- **What is expected**
From the records below, transcribe exactly the lines that begin at the line with "PremiumCord adaptér USB3.0" and end at the line with "Батончик Nut and", both included.

- **Material to process**
# # # #

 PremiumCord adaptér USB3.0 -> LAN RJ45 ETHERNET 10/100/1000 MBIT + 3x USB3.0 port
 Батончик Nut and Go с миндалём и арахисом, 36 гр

# # # #

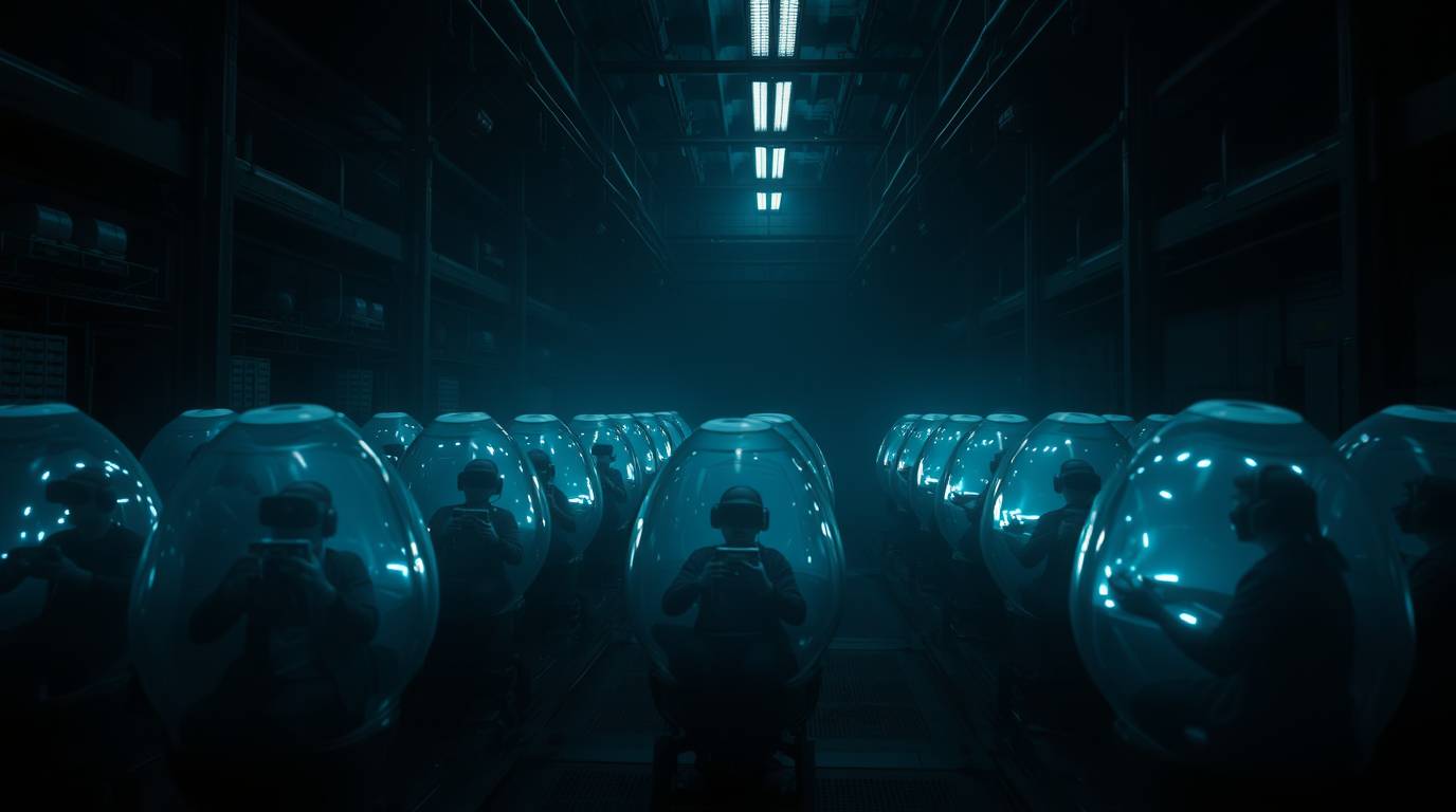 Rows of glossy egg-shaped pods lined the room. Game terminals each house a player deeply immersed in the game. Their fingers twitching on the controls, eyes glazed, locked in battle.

# # # #

- **Solution for this problem**
 PremiumCord adaptér USB3.0 -> LAN RJ45 ETHERNET 10/100/1000 MBIT + 3x USB3.0 port
 Батончик Nut and Go с миндалём и арахисом, 36 гр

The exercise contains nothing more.